NOTE: can ffmpeg output PNGs directly, rather than the mp4?

pj4533 commented 1 year ago

The real root of the "problem" is that stable diffusion using image 2 image needs a high enough strength value (enough steps of processing) or the result image is too noisy.

However,in my experimentation, it also needs different seed values or it also just ends up with noise. (Not sure why this is exactly, perhaps I need to learn more about this bit)

So the combination of a fairly high strength and different seed, leads to images that are not similar enough to be in a coherent animation at high frame rates.

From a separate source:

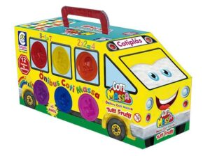 O onibus coti massa vem com 12 potinhos de massinhas de tutti frutti

The above method gets around this by generating fewer frames (ie a lower frame rate) and the interpolating the intermediate frames, leading to a smoother video output, but still with the generative AI madness that I desire. Lol.

pj4533 commented 1 year ago

Other thoughts:

pj4533 commented 1 year ago

This might be the way.

https://github.com/arthenica/ffmpeg-kit

pj4533 commented 1 year ago

Continuing experiments not 100% sure on the interpolation route. Figuring it out. Some other findings:

pj4533 commented 1 year ago

After more experimentation, I think the ffmpeg interpolation route is useful, but an optimization. With the right rotate/zoom values, and a good prompt, I can get interesting output at full frame rate. It's flickery, but thats not always a bad thing. Going to finish up this PR, then create a new ticket to implement FFMpegKit.

pj4533 commented 1 year ago

First test render went good. Immediate to dos:

pj4533 commented 1 year ago

Check the -1 generative piece with the effect before it...does it do that right?

pj4533 commented 1 year ago

Did a test render using generative effect, it works well enough to merge this PR. will need to add some more issues to cover items not included here.